Cosa porterei quindi? Proviamoci. Qualcuno di questi titoli lo leggerò sicuramente durante l'ormai vicino inverno.

  • Qualche altro libro di Arto Paasilinna: Il migliore amico dell'orso è stato il primo libro scritto da lui che ho letto quasi due anni fa. Consigliato da una persona speciale. L'anno della lepre, il libro che anche in Italia lo ha consacrato al successo, l'ho letto a fine settembre. Ironico, divertente, folle. Il clima freddo della Finlandia, dove generalmente sono ambientati i suoi libri, potrebbe essere perfetto per immergersi nella lettura in un'isolata casina di legno. Lo smemorato di Tapiola e Piccoli suicidi tra amici, quindi, ci potrebbero stare.

  • Tutti mi parlano bene di David Irvin Yalom, tutti mi dicono che è imperdibile, perciò ho cominciato a leggere Le lacrime di Nietzsche, sicuramente me lo porterei. Un po' di psicoanalisi in solitudine non guasta, magari rileggerei quei passaggi che ancora mi sdubbiano.
  • Due o tre testi teatrali: La locandiera di Carlo Goldoni perché tutte le volte che la leggo torna il buonumore e qualche opera teatrale di Shakespeare, tra cui Molto rumore per nulla e Sogno di una notte di mezza estate. Ho bisogno di rileggerli per intero, è passato troppo tempo dall'ultima volta.
  • I Peanuts. In cabane rinuncerei volentieri a Facebook e alla connessione Internet, dipendenza da smartphone permettendo. Ma ad un po' di humour di Snoopy, Charlie Brown e Lisa Van Pelt non potrei rinunciare. I social li hanno riscoperti, io non li voglio perdere. Quindi in borsa almeno un libro con le strisce dei Peanuts non potrebbe mancare. Mi ricordano spesso da dove vengo e chi sono.

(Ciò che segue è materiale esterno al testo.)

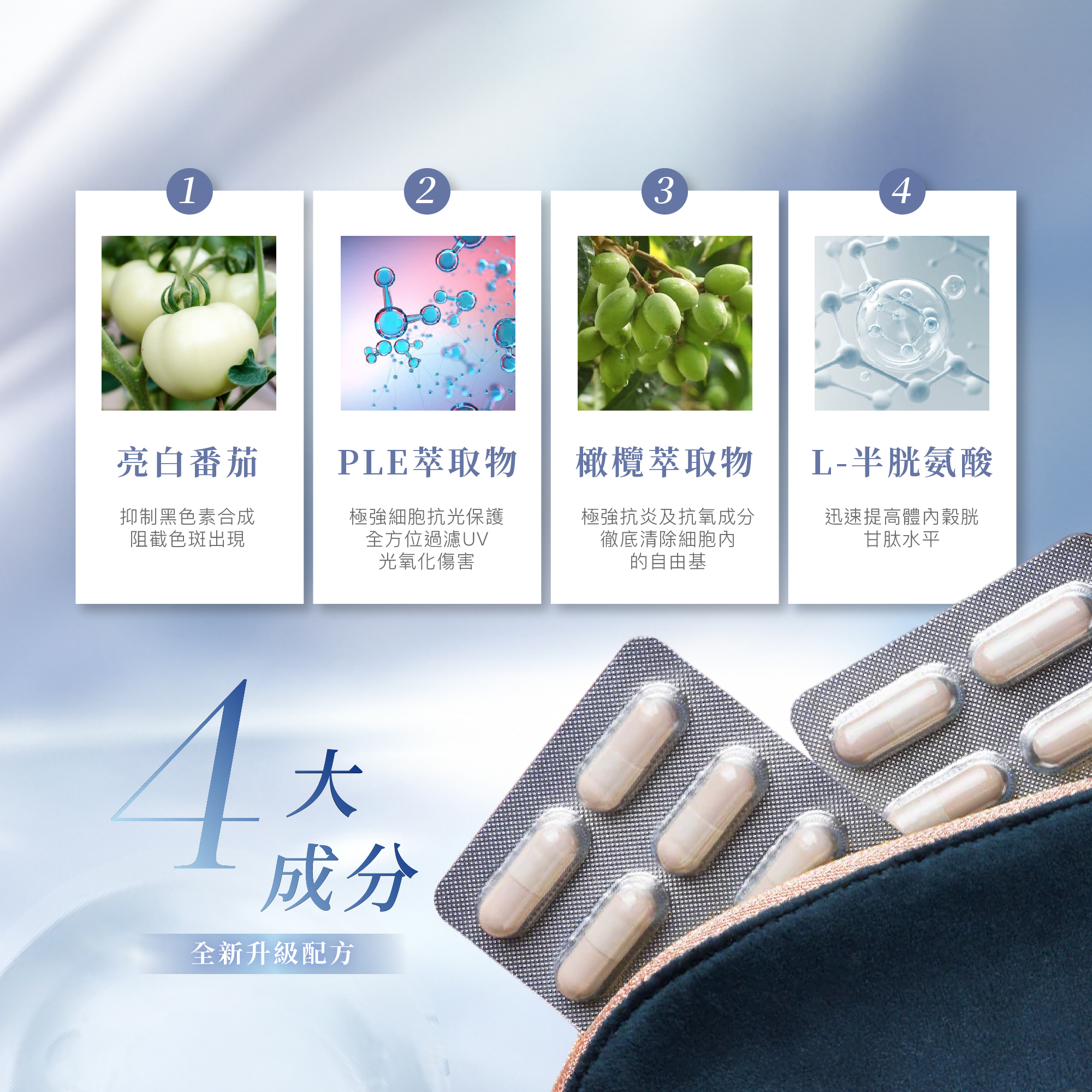 額外添加橄欖萃取物及L-半胱氨酸,迅速提高體內穀胱甘肽水平,加快細胞褪黑速度及抗氧反應, 粉碎現有色素瑕疵,打造零黑亮白肌膚。產品採用藥品級膠囊儲存技術,完美隔絕空氣及水份, 免卻氧化物破壞,以確保其美白成分的穩定性及保鮮度,達致最佳美白效果。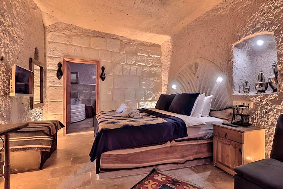 Decorated with antique details, this queen room offers a sofa, electric kettle with tea&coffee setup and a bathrobe. Complimentary chocolates are also offered in this suite. THERE MIGHT BE NO ANY WINDOW IN THESE CAVE ROOMS!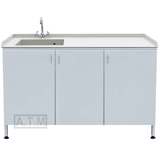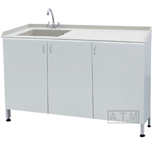 Столешница толщиной 10 мм выполнена из полипропилена серого цвета, по трем сторонам антипроливные полипропиленовые борты серого цвета;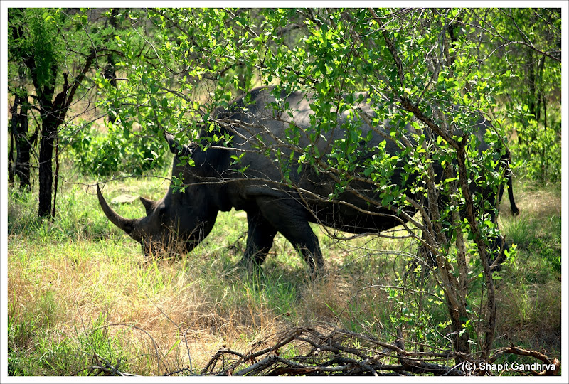 मागे घ्या.. आजुन मागे...ते बघा...तिकडे झाडित... आणि आम्हाला तो दिसला. बिग फाईव्ह मधला पहिला प्राणि... बिग बिग काळा गेंडा. आमच्या कडे लक्ष न देता आपल्याच मस्तीत चरतं होता.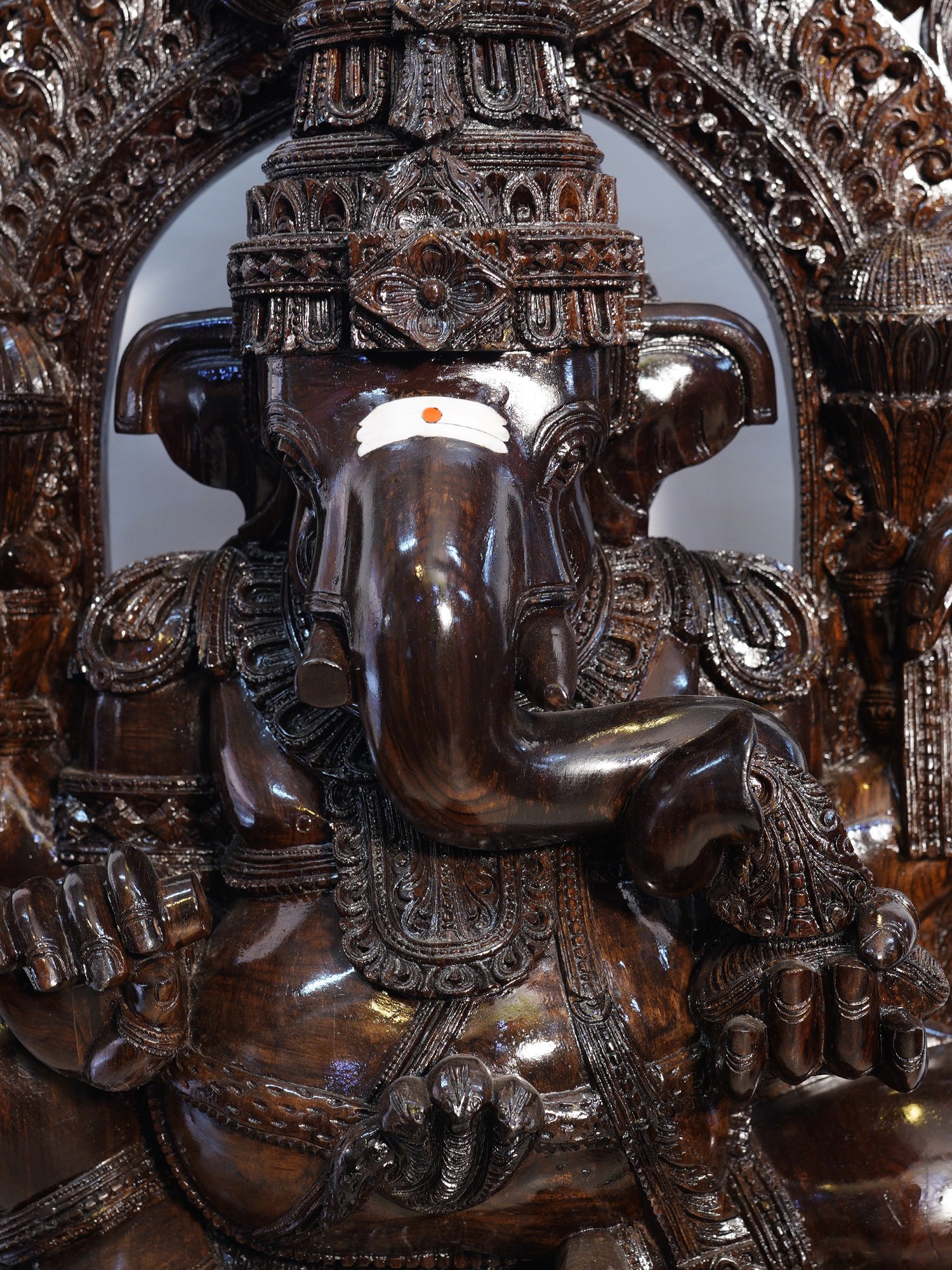 Large Size Lord Ganesha Wooden Statue Seated atop His Vahana

Mi aiutano a non perdere la (mia personalissima) bussola.
  • A proposito di Peanuts, avrei bisogno delle mie “coperte di Linus”, i libri che non lascerei mai a casa per oltre sei mesi: L'amico ritrovato di Fred Uhlman, da sempre uno dei libri che più mi abbia toccata e Il piccolo principe perché può capitare che in cabane ci si voglia sentire “banali, scontati ed emotivi”. E va bene così.

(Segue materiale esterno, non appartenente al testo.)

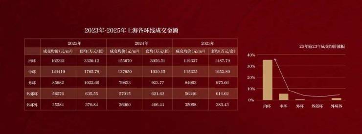从近三年上海成交数据看,中外环以及外环外成交价格基本保持稳定,内中环稳步上涨,唯独内环内呈现跳涨态势。数据显示,内环内新房成交均价从2023年约11.9万/㎡跳涨到2025年约16.23万/㎡,三年涨幅达到36%。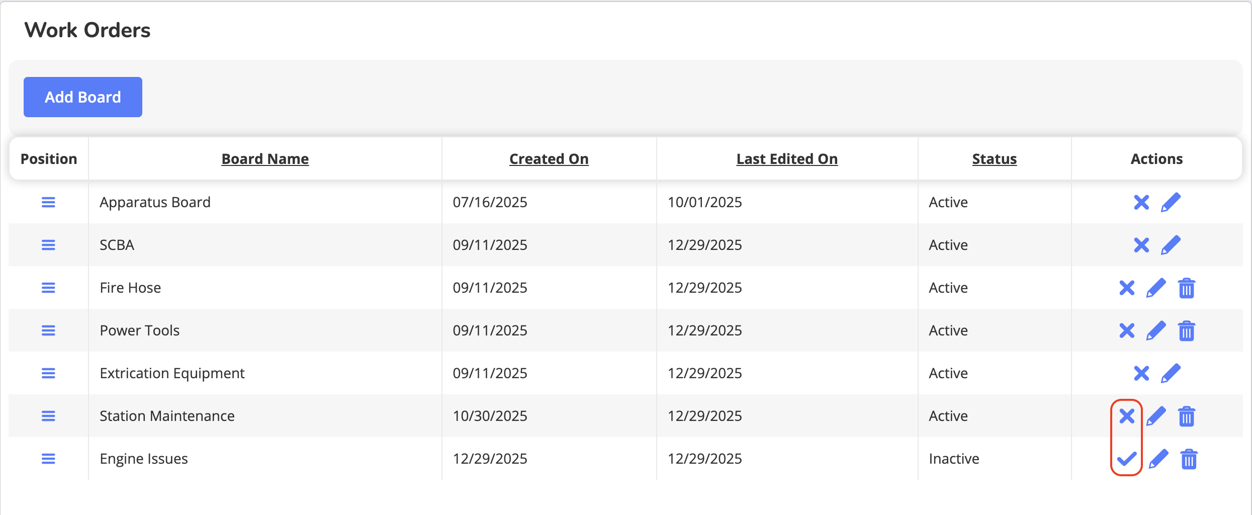 To deactivate a work order board, click the Deactivate icon next to the board. To make the board available again, click the Activate icon.
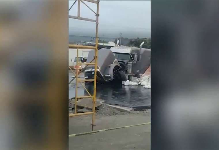 El conductor de un tráiler protagonizó un inusual accidente de tránsito, la madrugada de este jueves. Subió por una rampa en construcción y cayó sobre obras del paso a desnivel en La Lima de Cartago.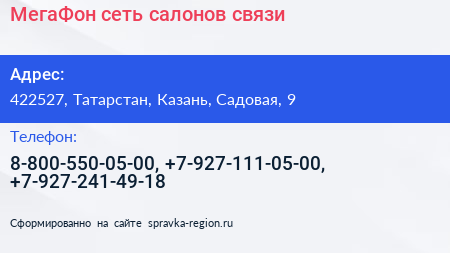 МегаФон, сеть салонов связи по адресу 422527, Татарстан, Казань, Садовая, 9 в дальнейшем Организация, размещена в следующих категориях:

  • Qualche libro della collana Contromano Laterza, ai quali mi sono affezionata da poco più di un anno. Ce ne sono ancora molti - tra quelli che devo leggere - che parlano di vari luoghi del nostro Paese in maniera atipica, da un punto di vista inconsueto. Oceano Padano di Mirko Volpi (ultimo acquisto della scorsa settimana, dopo la presentazione alla Libreria Orsa Minore di Pisa) e Roma è una bugia di Filippo La Porta potrebbero essere tra questi.

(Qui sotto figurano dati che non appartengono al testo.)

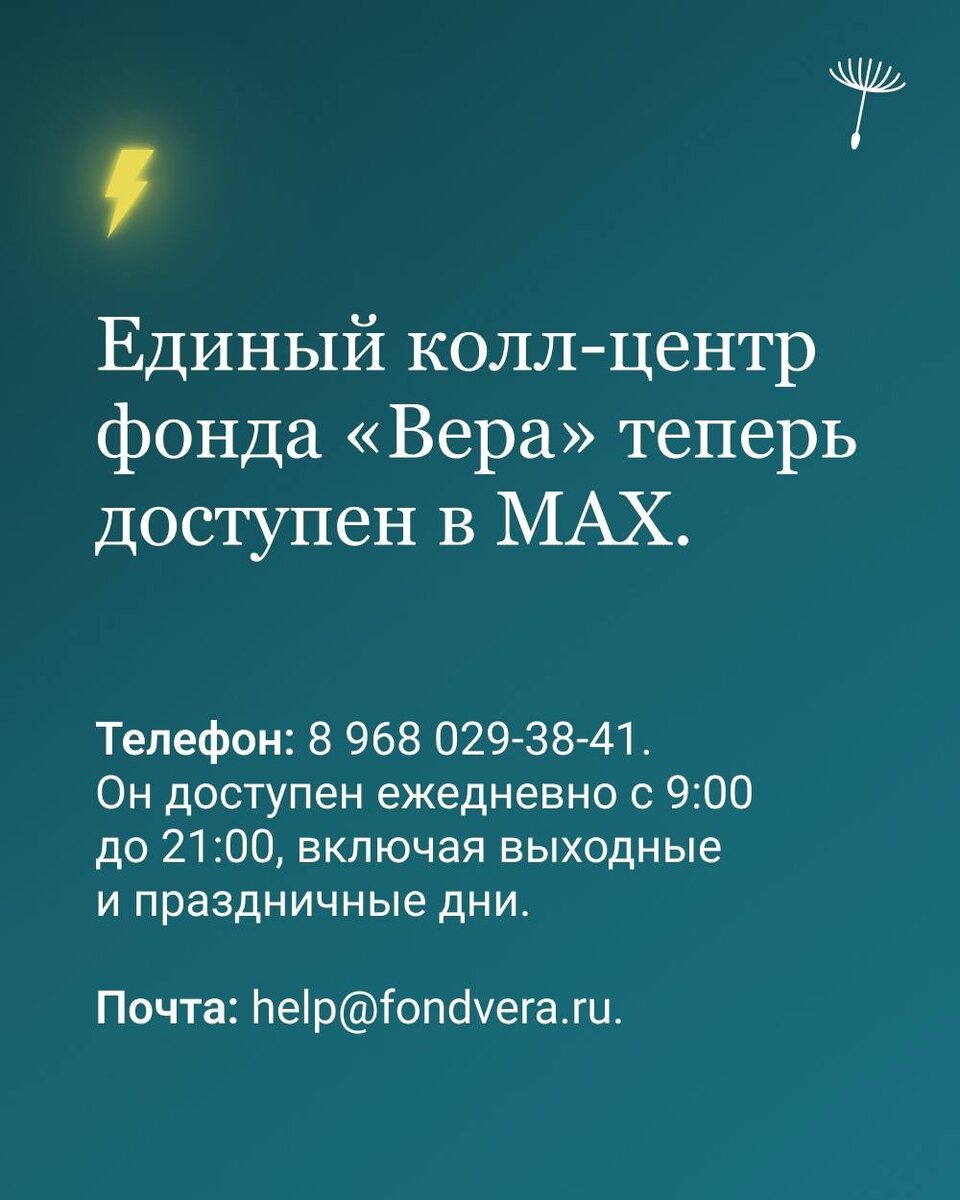 Телефон (MAX) колл-центра: 8 968 029-38-41. Он доступен ежедневно с 9:00 до 21:00, включая выходные и праздничные дни. Почта: help@fondvera.ru. К нам можно обратиться, если: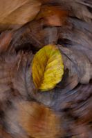 Voor dit beeld heb ik de camera tijdens het fotograferen gedraaid, waardoor je dit mooie effect krijgt. Het blad centraal in de foto is nog duidelijk te zien, terwijl de bladeren er omheen wazig zijn geworden.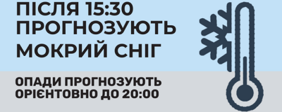 ПІСЛЯ 15:30 ПРОГНОЗУЮТЬ МОКРИЙ СНІГ ОПАДИ ПРОГНОЗУЮТЬ ОРІЄНТОВНО ДО 20:00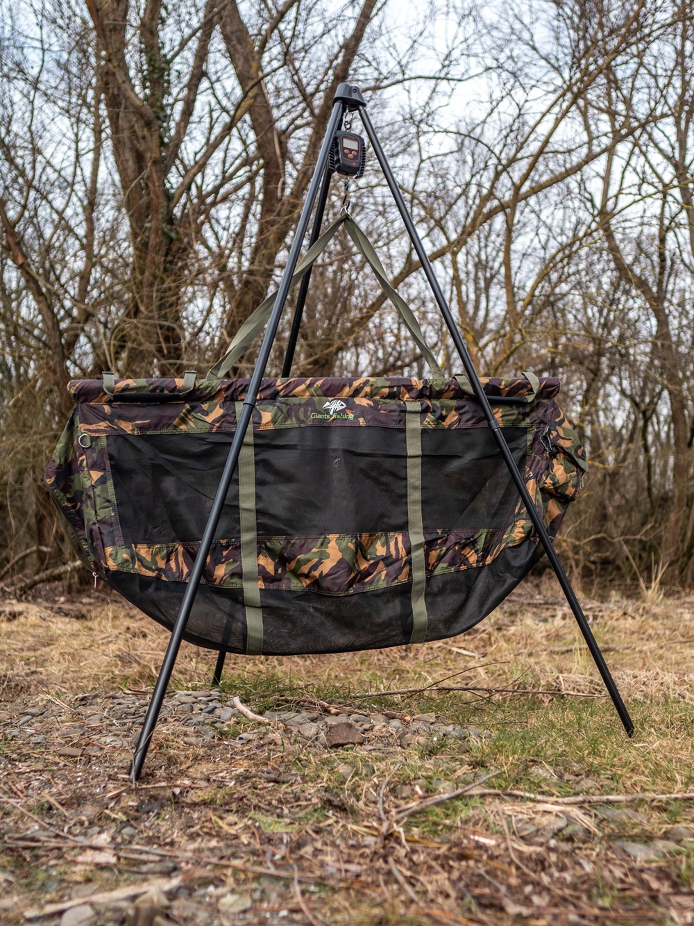 Kvalitné spracovanie a povrchová úprava v čiernej farbe. Nohy stojana sú prepojené silnou gumou s gumovou ochranou proti oderu, vďaka tomuto systému sklápaný stojan ľahko a rýchlo rozložíte a zložíte. Vo vrchnej časti je robustná plastová hlava, ktorá je v stredovej časti osadená otočným hákom, ktorý slúži na zavesenie váhy.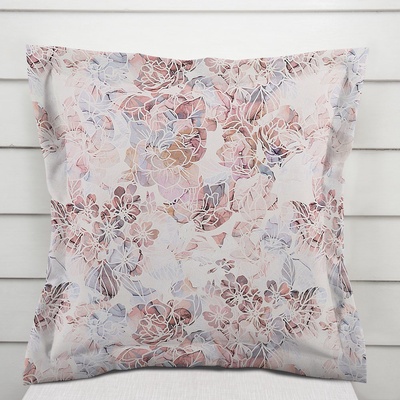 Dekorační povlak na polštář s ozdobným lemem, se vzorem růžových a fialkových květů na bílém podkladu. Je ušitý z kvalitní hladce tkané 100% polyesterové látky Rongo. Použitá...

  • Tenera è la notte di Francis Scott Fitzgerald perché è troppo tempo che dico di leggerlo e ancora non l'ho fatto.
  • Nell'ipotetica cabane l'elettricità ce la facciamo stare? Se sì, mi concederei gli unici due libri in formato elettronico che ho intenzione di leggere prossimamente su tablet (ma sia chiaro, io resterò per sempre fedele al cartaceo che si impolvera e occupa spazio, anche dovessi restare l'unica sulla faccia della terra): Indimenticabile India dell'amica Serena Puosi perché mi ha fatto un regalo che non potrò mai dimenticare e perché la porto sempre nei miei pensieri e Ajò sorridi, sei a Londra di Pina Mudulu (aka SfigataMente) perché da troppi mesi è soltanto un file pdf nella mia posta elettronica. E perché dopo la cabane una metropoli – e che metropoli – potrebbe ristabilire un giusto equilibrio.

E qui mi fermo perché i dieci li ho già sforati. Mi fermo, ma sono curiosa di sapere quali libri porterebbero in cabane molte altre persone, tra cui:

  • Francesca e Valentina di Spiccando il volo che proprio nelle settimane scorse sono state impegnate nella realizzazione della seconda edizione del Pisa Book in Town. Ed hanno fatto davvero un ottimo lavoro!
  • I nostri Valentina Mennucci, Marco Sanzani ed Enrico Giuliani.
  • Paola Annoni di Scusate io vado perché spesso ci siamo ritrovate a parlare di libri in una chat "twitterina", tranquille, complici e sicure di non sembrare l'una all'altra “vecchie nerd spocchiose” (la citazione è sua). Chissà se sarà contenta di trovare questo mio pensiero rientrando dal suo viaggio dall'altra parte del mondo.